### The task
Would you write out the lines below exactly, from the one containing "Construction concept. at" to the very last, but without the pictures?

---*---

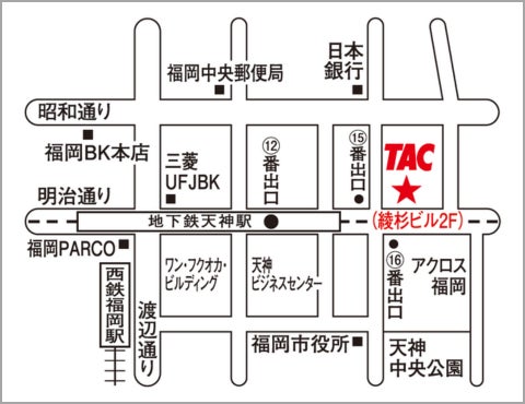 TAC福岡校は、福岡市の中心部、天神にあります。交通網も充実し、とても通い易い環境にあります。実際にさまざまな大学の学生、既卒者、社会人が通っているので、大学とはまた違う、刺激にあふれた環境で学習することができます。公務員試験には、多くの学習時間が必要な択一試験だけでなく、論文試験、面接試験も課されます。一人では対策が難しくても、TAC福岡校に来てくだされば安心です。全ての講師、スタッフ一同、全力でサポートします。TAC福岡校のチームワークはどこにも負けません。一緒に合格を勝ち取りましょう!
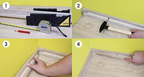 Importante: per battiscopa da 2 m 5 tasselli + 5 viti gratis. I battiscopa hanno una tolleranza di lunghezza di +/- 1,5%. - Le immagini e i colori dei nostri prodotti possono differire leggermente da quelli mostrati nelle immagini (a causa di diverse condizioni di illuminazione, ecc.)
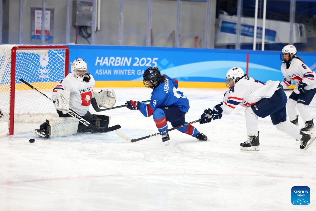 Park Jongah (2nd L) of South Korea tries to score during the women's ice hockey group B match between South Korea and Thailand at 2025 Asian Winter Games in Harbin, northeast China's Heilongjiang Province, on Feb. 6, 2025 (Xinhua/Chen Bin)
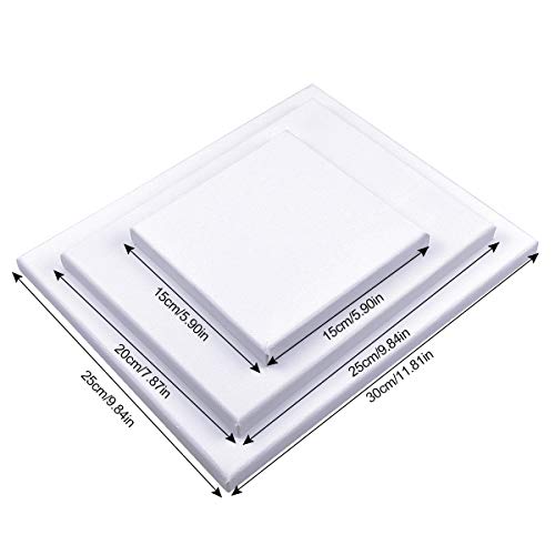3 Pzi Tele Intelaiate per Pittura Tele Prestirate per Artisti Telaio Arte con Tela 100% Cotone Prive di acidi Bianca Grana media Per Dipingere, ad Acrilici, Pittura ad Olio 15x15, 20x25, 25x30 cm
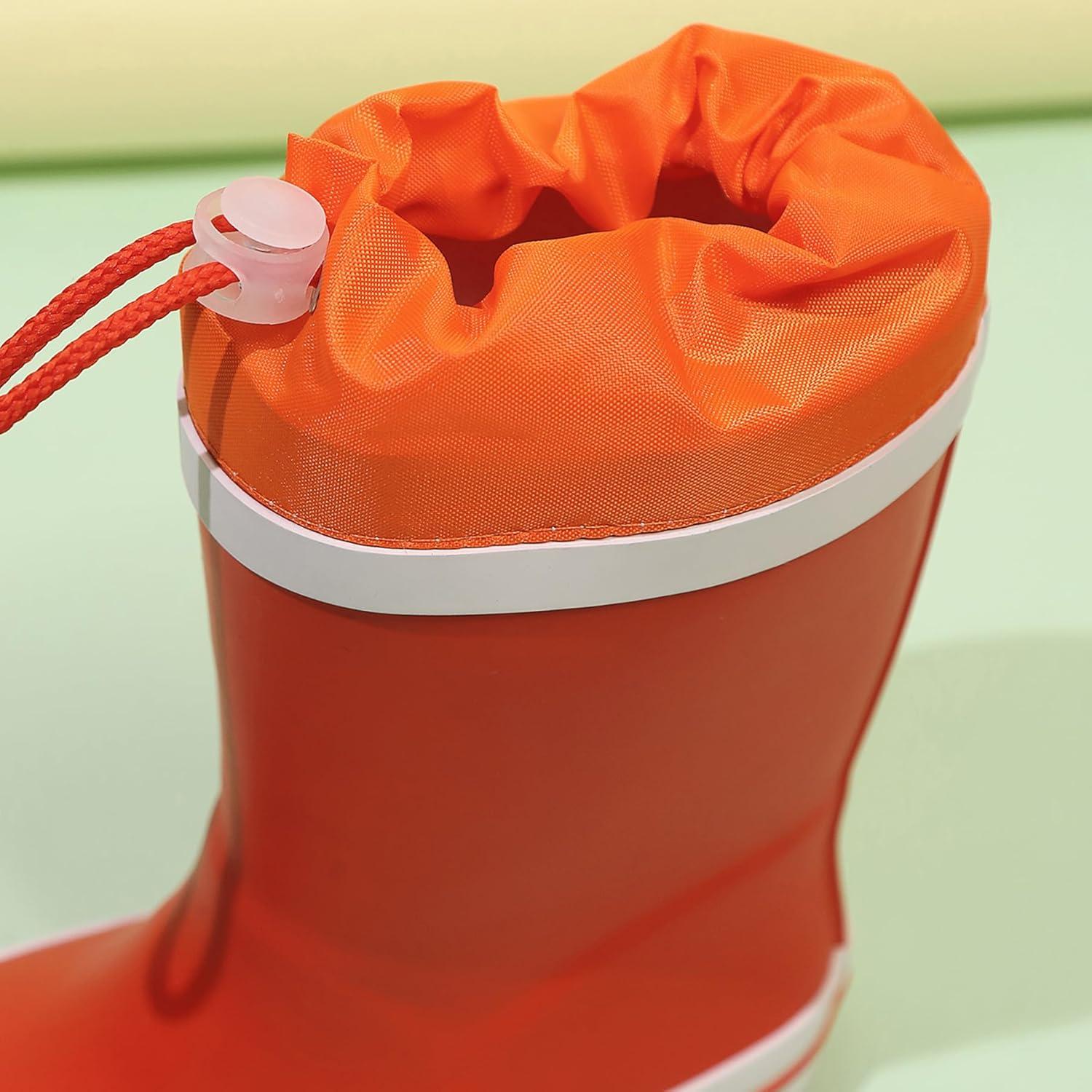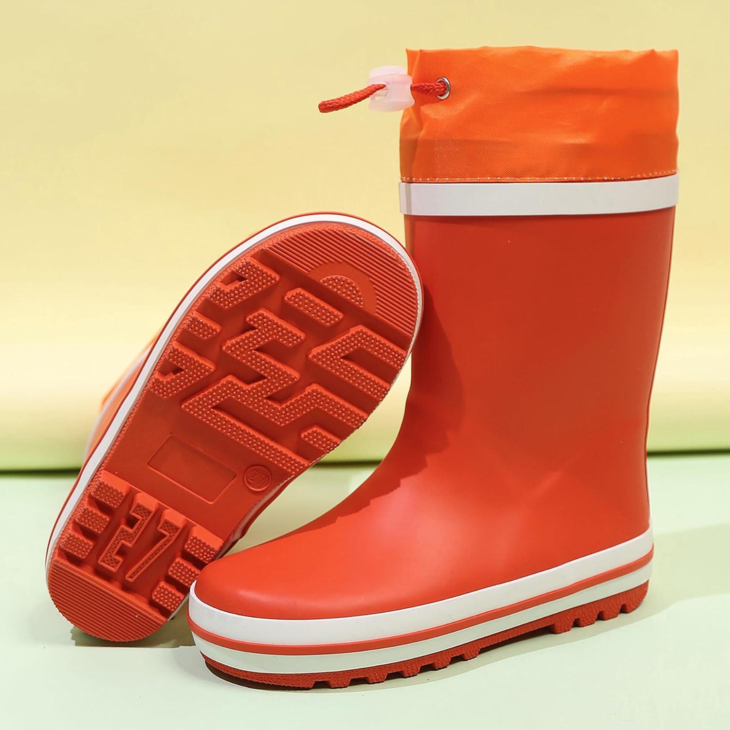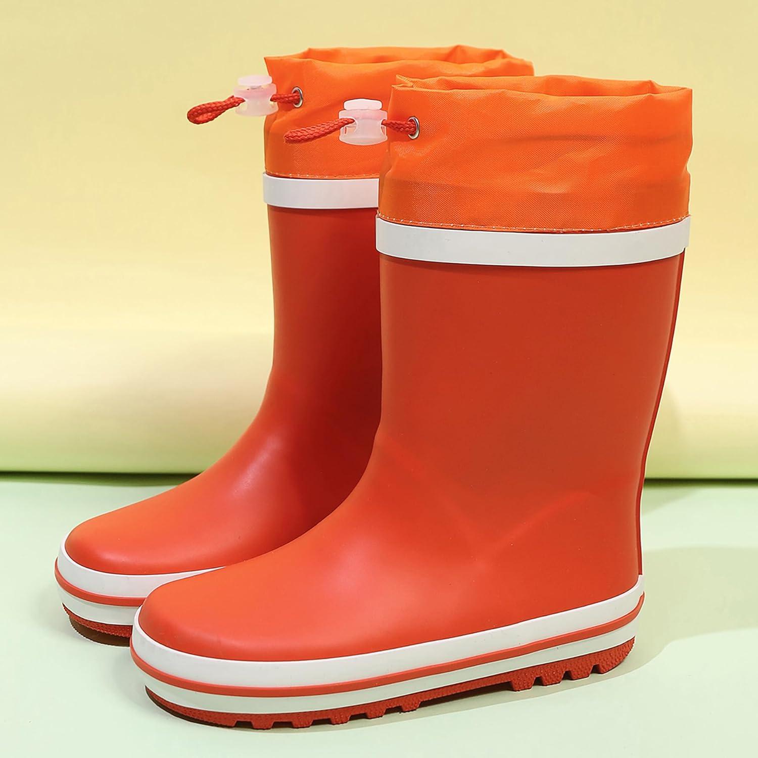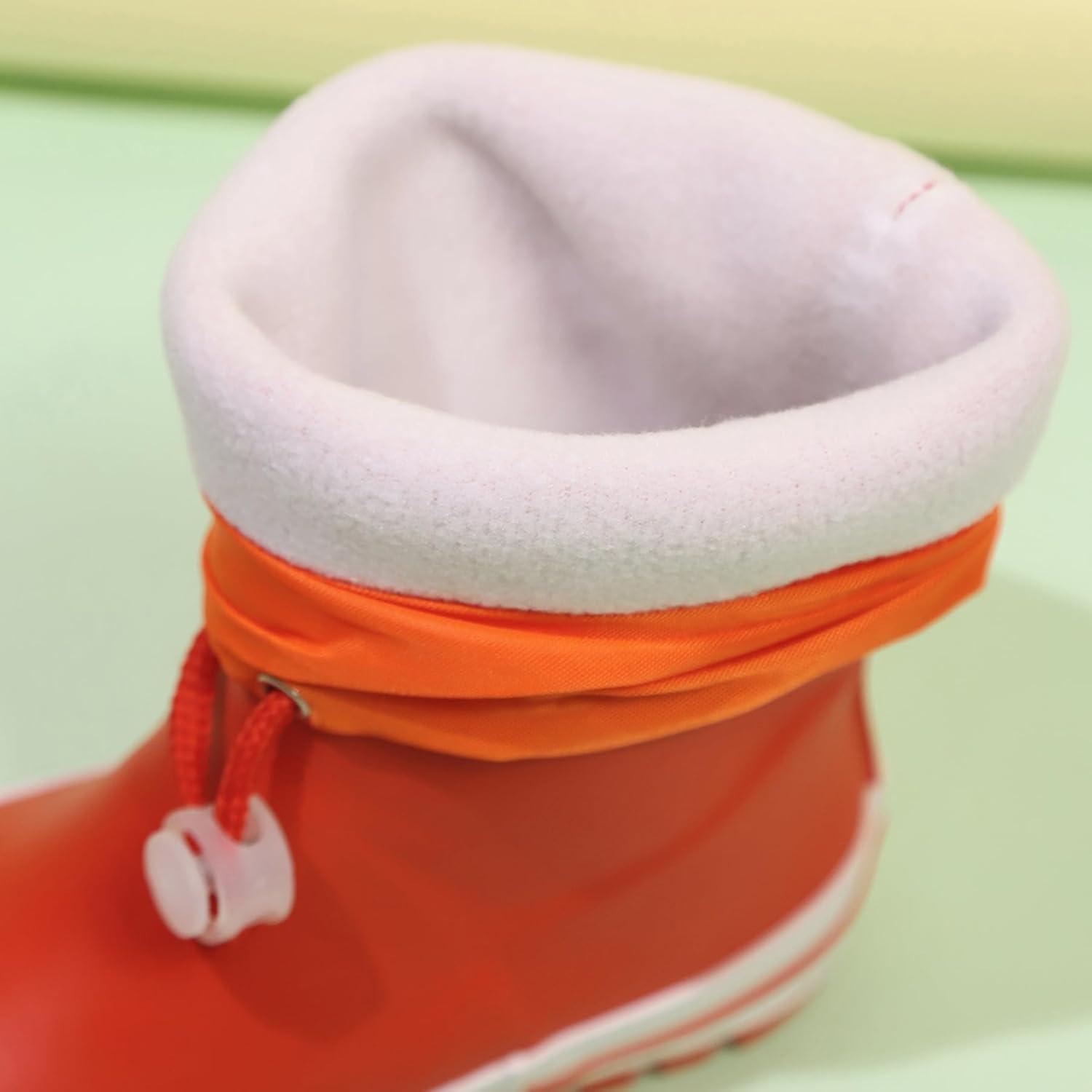 WTW Fleece Lined Todder Kids Rubber Rain Boots – Waterproof Warm Winter Outdoor Shoes for Girls Boys, Adjustable Drawstring, Non-Slip for Hiking and Adventures(Tangerine)
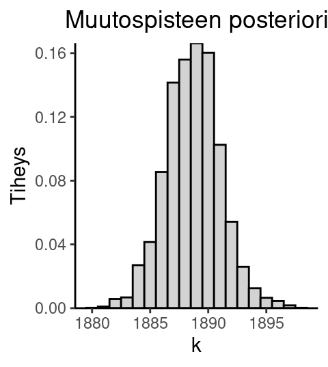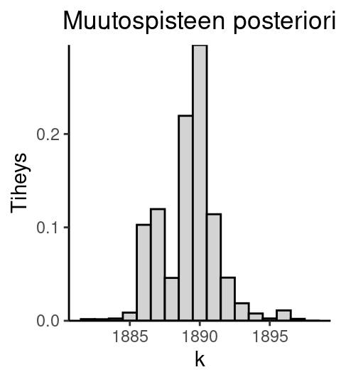 Uskottavuus. Olkoon \(\lambda\) intensiteetti muutospisteeseen \(k\) saakka ja \(\mu\) siitä alkaen. Oletetaan, että on olemassa täsmälleen yksi muutospiste. Silloin \(k \in \{1,\ldots,n-1\}\), missä \(n\) on havaintojen lukumäärä. Oletetaan edelleen, että \[ \begin{aligned} y_i|\lambda,\mu,k &\sim \operatorname{Poisson}(\lambda),\quad i = 1,\ldots,k,\quad \textrm{vaihdannaisia, ja} \\ y_i|\lambda,\mu,k &\sim \operatorname{Poisson}(\mu),\quad i = k+1,\ldots,n,\quad \textrm{vaihdannaisia}. \end{aligned} \] Lisäksi \(y_i\) ja \(y_j\), \(i \leq k, j > k\) ovat ehdollisesti riippumattomia ehdolla \(\lambda,\mu,k\).
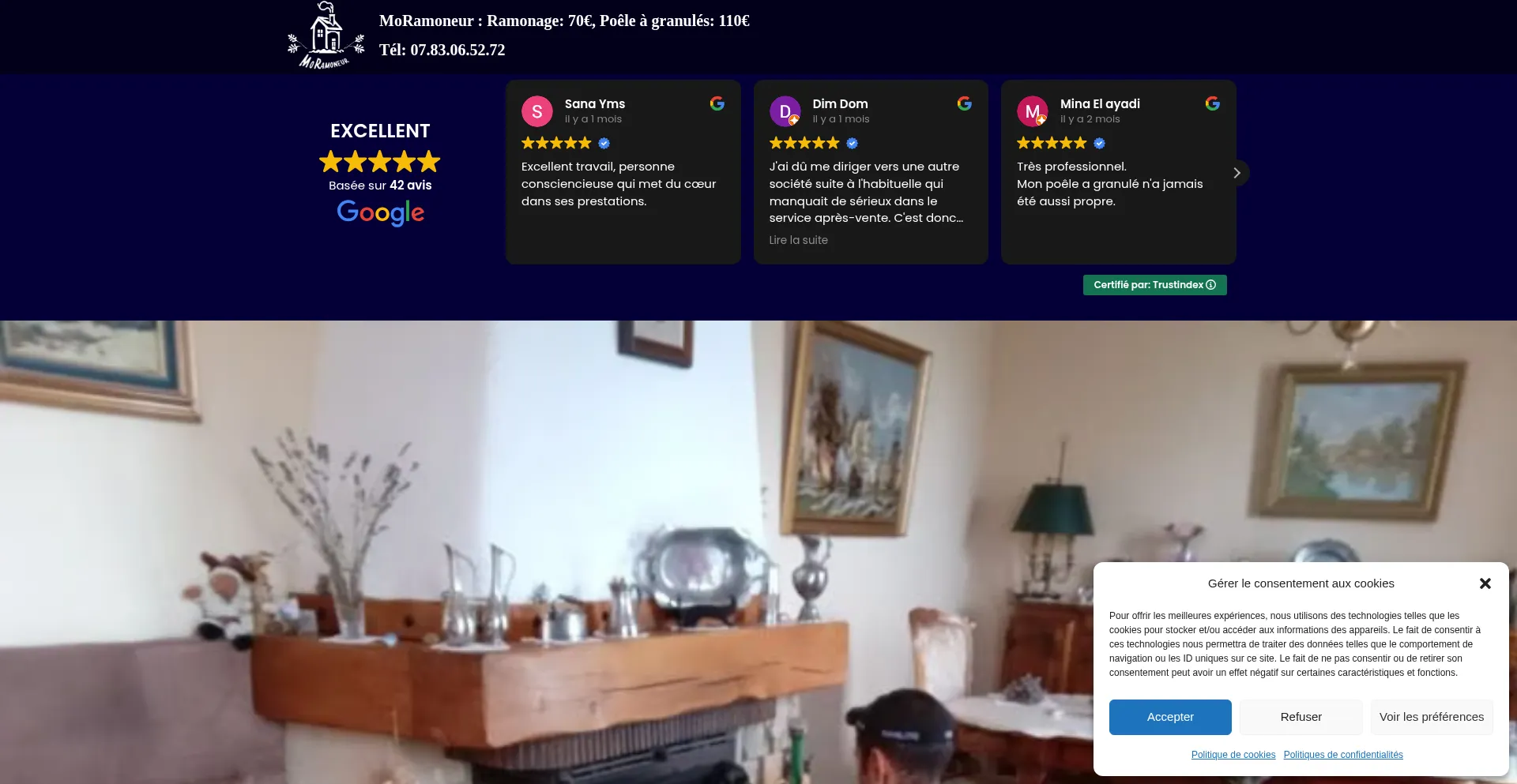 MoRamoneur : Ramonage: 70€, Poêle à granulés: 110€ – Tél: 07.83.06.52.72
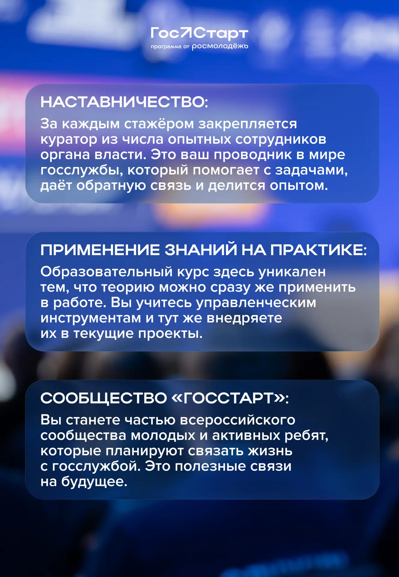 За каждым стажёром закрепят наставника из числа опытных сотрудников ведомства. Он поможет с задачами, даст обратную связь и станет проводником в мире госслужбы.
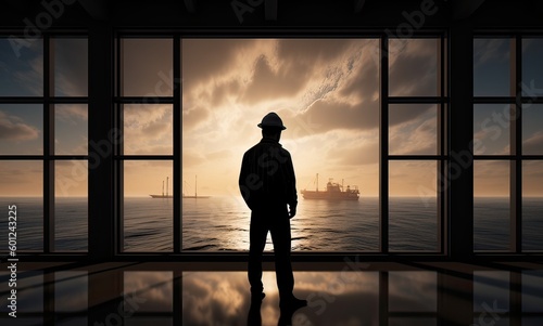 Construction concept. at back of the construction worker head which is wearing the safety helmet and checking work at the construction site. Non-existent person. Generative Ai
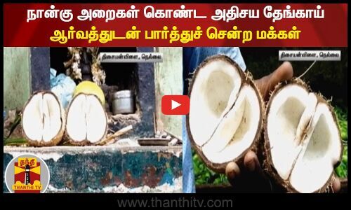 நெல்லை மாவட்டம் திசையன்விளையில் உடைக்கப்பட்ட தேங்காய், நான்கு அறைகளாக பிரிந்து காணப்பட்டதை, அப்பகுதி மக்கள் ஆச்சர்யத்துடன் பார்த்து சென்றனர்.

---*---

### Exercise result
 Construction concept. at back of the construction worker head which is wearing the safety helmet and checking work at the construction site. Non-existent person. Generative Ai
 நெல்லை மாவட்டம் திசையன்விளையில் உடைக்கப்பட்ட தேங்காய், நான்கு அறைகளாக பிரிந்து காணப்பட்டதை, அப்பகுதி மக்கள் ஆச்சர்யத்துடன் பார்த்து சென்றனர்.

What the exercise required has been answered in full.